Hacker News new | ask | show | jobs
by ritchie46 1260 days ago
Polars author here.

> Aren't these just if/else-if/else conditions? It's seems more in line with mathematical/python convention to use if/else... am I missing something?

Yes, they are. But if you look at pandas `f['a'] <= 3` a boolean mask is created on eagerly, on the fly. Pandas has zero chance to do anything clever here.

And yes, `when.then.otherwise` is exactly `if else`, but if `if else` is already a keyword in python so we cannot use them. `when, then, otherwise` are close synonyms.

The benefit of using the `when().then().otherwise()` expression is that it is lazy. We don't do anything until we need to materialize the result. Then the optimizer has a chance to see the query a a whole and determine if the `mask` can be reused, is not needed, should be done somewhere else, etc.

> Polars mutates the dataframe,

Almost all polars methods are pure. There will be no dataframe mutated, but a new dataframe created.
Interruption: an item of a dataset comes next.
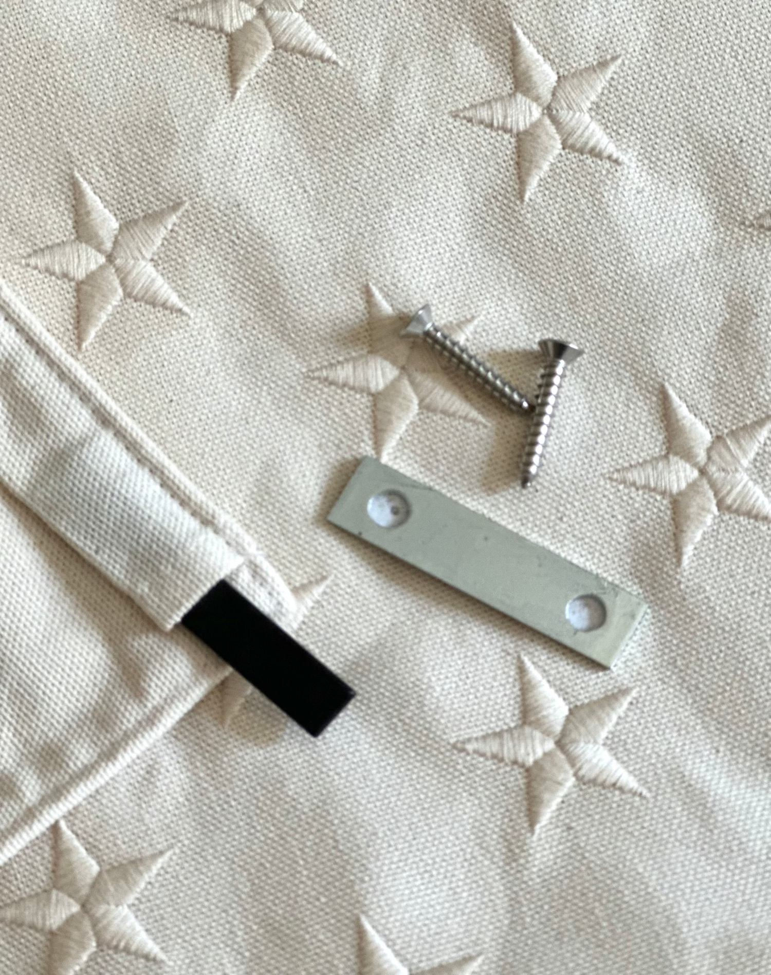 Our flags feature small pockets on the back to hold magnets, paired with a metal wall mount bracket, allowing a seamless and simple way to framelessly hang your piece.
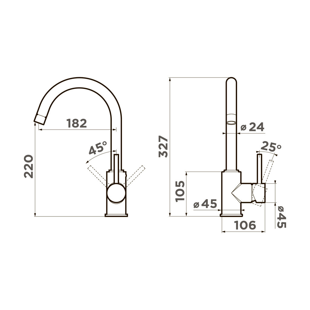 | Высота излива | 220 мм / 327 мм |

> Is there a reason why Polars is trying to avoid this kind of filtering in the row/column indices.

Yes there is. Ambiguity. I want things to be explicit. So the method names should make clear that you are selecting rows:

`df.filter`

or selecting columns:

`df.select`

or slicing

`df.slice`

In pandas this can all be done with bracket notation. I often read code something like this

`df[foo] = bar` and wondered what kind of datatype was stored into `foo`.

Indexes has the same read complexity. I often read/saw queries that showed a different outcome after a `reset_index` call. I like things to be more explicit. This may cost some keystrokes, but future me/us can more easily understand what is going on.

1 comments

> Yes, they are. But if you look at pandas `f['a'] <= 3` a boolean mask is created on eagerly, on the fly. Pandas has zero chance to do anything clever here.

Isn't this just an implementation detail? It seems like it wouldn't be tough to turn this into syntactic sugar rather than a forced eager evaluation. IE, `f['a'] <= 3` could just as easily evaluate into a computation graph rather than the evaluation of that graph. For example, I could imagine something like so:

```

from polars.dataframe import LazyDataFrame, DataFrame

def fn():

  ...

  ldf = LazyDataFrame(df)
  # this mutates the computation graph but doesn't evaluate
  ldf.loc[f['a'] <= 3, "b"] = f['b']
  df = DataFrame(ldf)
  return df
```

This is a toy example so I'm not sure if the part around evaluation makes complete sense, but it seems like how pandas eagerly evaluates the frame is a shortcoming of its implementation and model, rather than the syntactic sugar itself.

To be even more specific, this is the way SQLAlchemy does it. You could have something like this:

```

from models import Contact

def fn():

  ...

  # doesn't evaluate; could trivially be done as Contact[Contact.name == 'John']
  filtered_contact_exp = Contact.filter(Contact.name == 'John')
  # actually evaluates
  filtered_contacts = filtered_contact_exp.all()
  return filtered_contacts
```

And SQLAlchemy knows not to actually trigger the evaluation until you do something like `.all()`. Why not adopt this kind of pattern with Polars?